By the time Wertheimer took over as an “All Things Considered” co-anchor in 1989, it was no longer controversial to hear women deliver the news of the day.

But on network television, most of the early stints for the women who were the first to anchor daily news programs were short-lived. Barbara Walters lasted two years in the mid-1970s as an “ABC Evening News” co-anchor. Diane Sawyer co-anchored the “CBS Morning News,” from 1981 to 1984 and Katie Couric spent five years, starting in 2006, as the sole “CBS Evening News” anchor.

Curating distinctive voices “rich with the rhythms and accents of their regions” was another explicit way in which “All Things Considered” initially sought to sonically mark its difference from what had come before, according to Stamberg.

A wider range?

NPR’s commitment to many voices included those who brought regional, as well as gender, diversity to the airwaves.

Occasional commentators Baxter Black, a cowboy poet from Texas; Vertamae Grosvenor, a culinary anthropologist born in the Gullah community of North Carolina; and Kim Williams, a naturalist, checked in during the late 1970s and early 1980s, with field reports from their corners of the country. Andrei Codrescu, a Romanian-American artist living in New Orleans, began to bring his thickly accented English and droll humor to NPR in 1983.

Putting these folks on air seemed to address the network’s vision of speaking in many voices and accents. The intent, Mitchell wrote, was explicitly democratic, to be “representative of the nation. That meant white, black, Hispanic, Asian and as many women as men.”

NPR’s growth led to the opening of foreign bureaus, even as print publications hemorrhaged these expensive positions. International coverage further expanded its vocal range.

Some of the women now working as the network’s anchors got their start as foreign correspondents. Doualy Xaykaothao spent years reporting from Asia and Lulu Garcia-Navarro covered Latin America and the Middle East for NPR.

Other women with nonconventional news voices, including Eleanor Beardsley in Paris, Sylvia Poggioli in Rome and Ofeabia Quist-Arcton in Dakar, are still overseas. Their signature approach to signing off with their name and locale is a sonic pleasure for many NPR fans.

Even so, by the turn of the century, the network faced complaints about its tight control over pronunciation, cadence and accent, especially for women and people of color.

Critics denounced a sense that the voices of NPR’s female journalists sounded “alike in their sober nasal condescension,” as the writer and actor Sarah Vowell put it – hinting at a class-related critique, along with a gendered one.

NPR’s women, some of these naysayers contend, have low-pitched voices that sound too much like men and that NPR voices in general sound more like each other than everyone else. Writer Scott Sherman calls it the “NPR drone.”

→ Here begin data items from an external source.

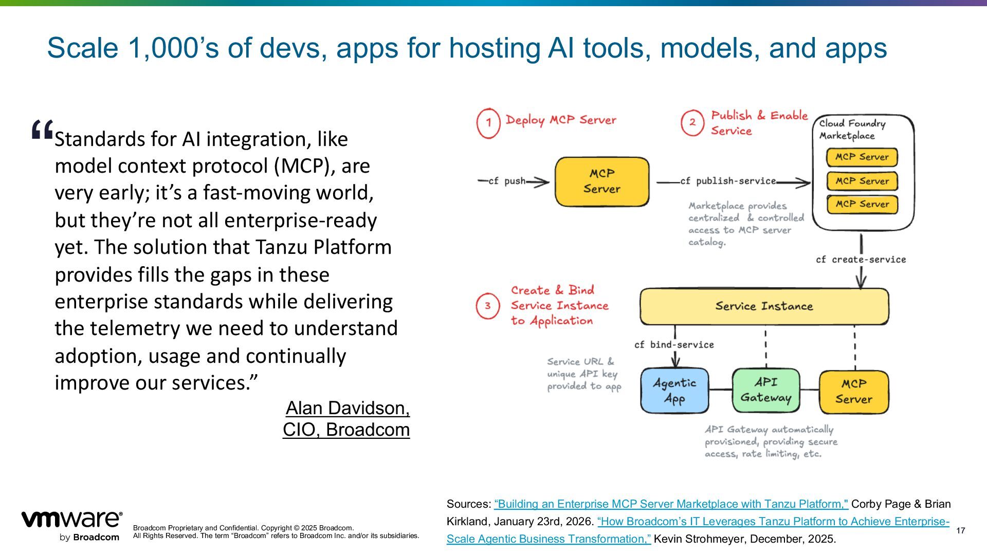 Reserved. The term “Broadcom” refers to Broadcom Inc. and/or its subsidiaries. 17 17 Sources: “Building an Enterprise MCP Server Marketplace with Tanzu Platform," Corby Page & Brian Kirkland, January 23rd, 2026. “How Broadcom’s IT Leverages Tanzu Platform to Achieve Enterprise- Scale Agentic Business Transformation,” Kevin Strohmeyer, December, 2025. Scale 1,000’s of devs, apps for hosting AI tools, models, and apps Standards for AI integration, like model context protocol (MCP), are very early; it’s a fast-moving world, but they’re not all enterprise-ready yet. The solution that Tanzu Platform provides fills the gaps in these enterprise standards while delivering the telemetry we need to understand adoption, usage and continually improve our services.” Alan Davidson, CIO, Broadcom “
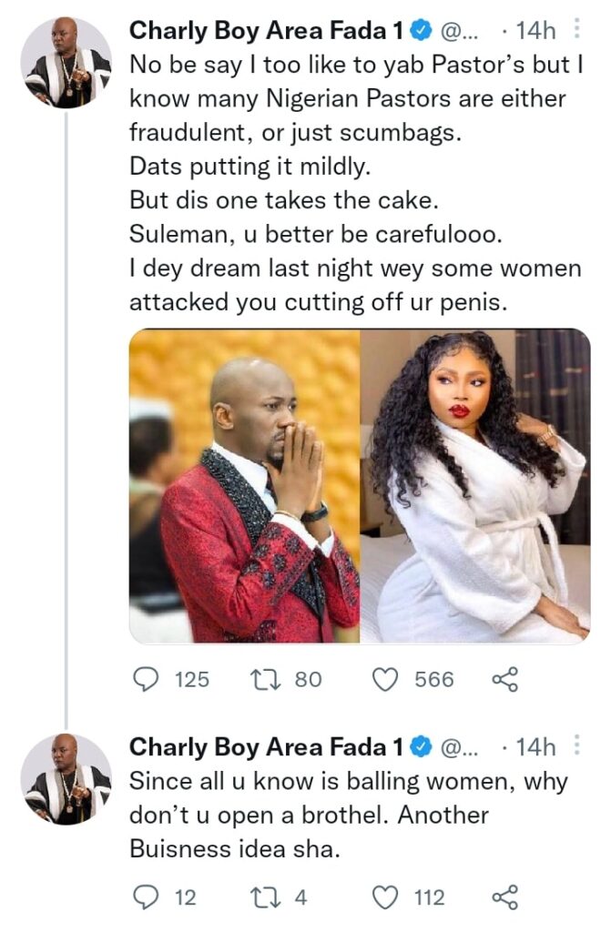 As such, he warned the controversial clergyman to be careful of the women around him. Charly Boy claimed to have had a bad dream about him where some women were trying to cut off his penis.
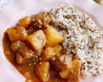 「咖喱排骨藜麦饭+牛奶+丑柑」
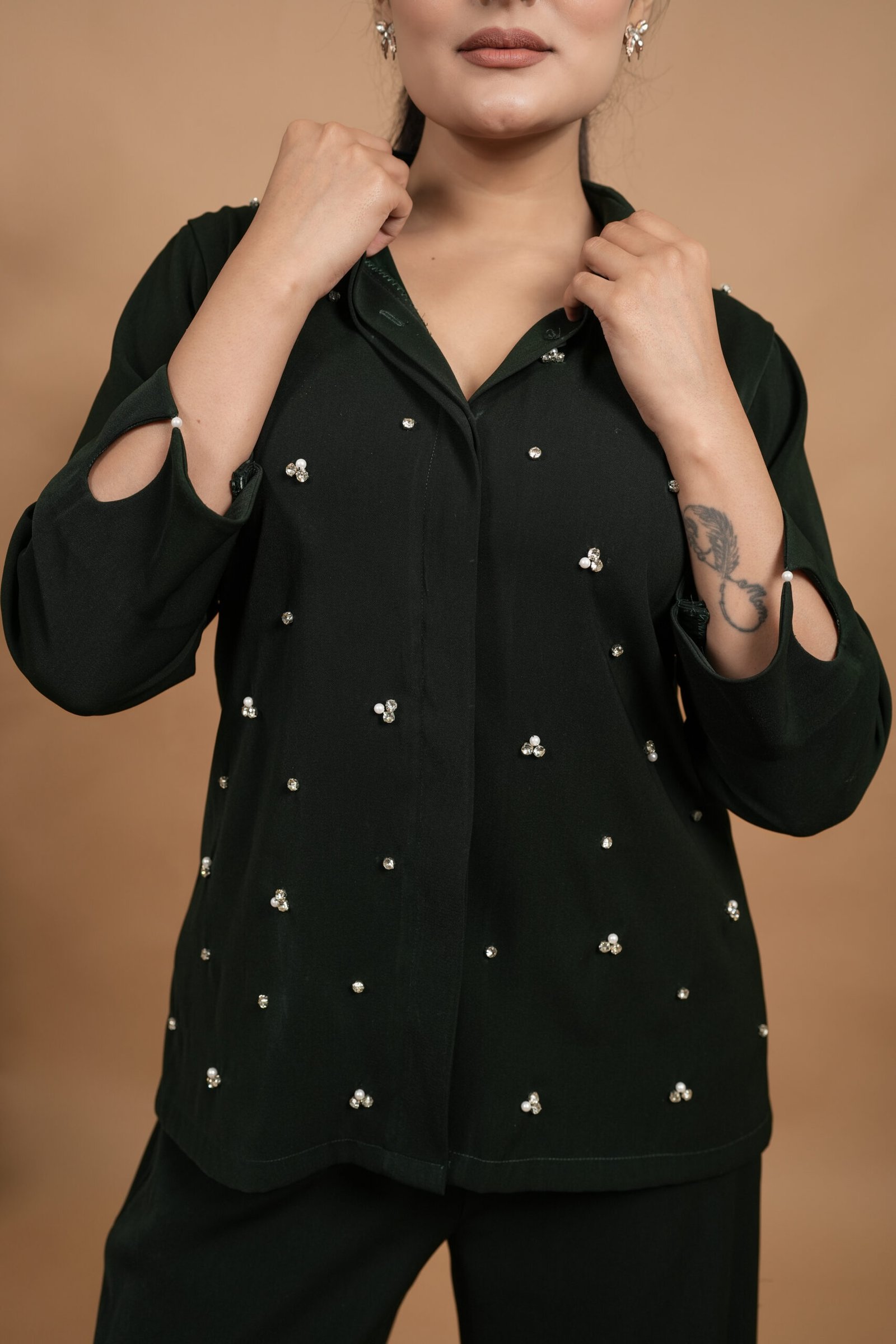 Dark Green Embellished Co-ord Set

Even Stamberg said in a 2010 interview that one price of NPR’s success was that listeners weren’t “hearing great voices anymore.”

Another round of criticism, this one aimed primarily at young women, identified “vocal fry,” a low creaky way of speaking, as an irritating feature of public radio voices. The critique, which came mostly from men and older folks, suggested that despite what the critics were saying, NPR’s sound was not static but evolving.

NPR’s sonic palette and its range of voices has broadened in recent years, especially through its podcasts and on weekends – when Navarro, who is Latina, and Michel Martin, an African American woman, are two of the network’s main three news anchors.

Sam Sanders, an openly gay African American man, hosts a cultural talk show branded with his own name. Programs like “Alt.Latino” and “Radio Ambulante,” which are either in Spanish or in English punctuated with Spanish words, indicate that the network aims to serve new listeners.

As NPR looks forward to the next 50 years, its decisions over whose voices belong on the air will determine how well it lives up to its founding commitment to sound like America. And it is likely that criticism of how those voices sound will reflect dominant attitudes about who gets to speak.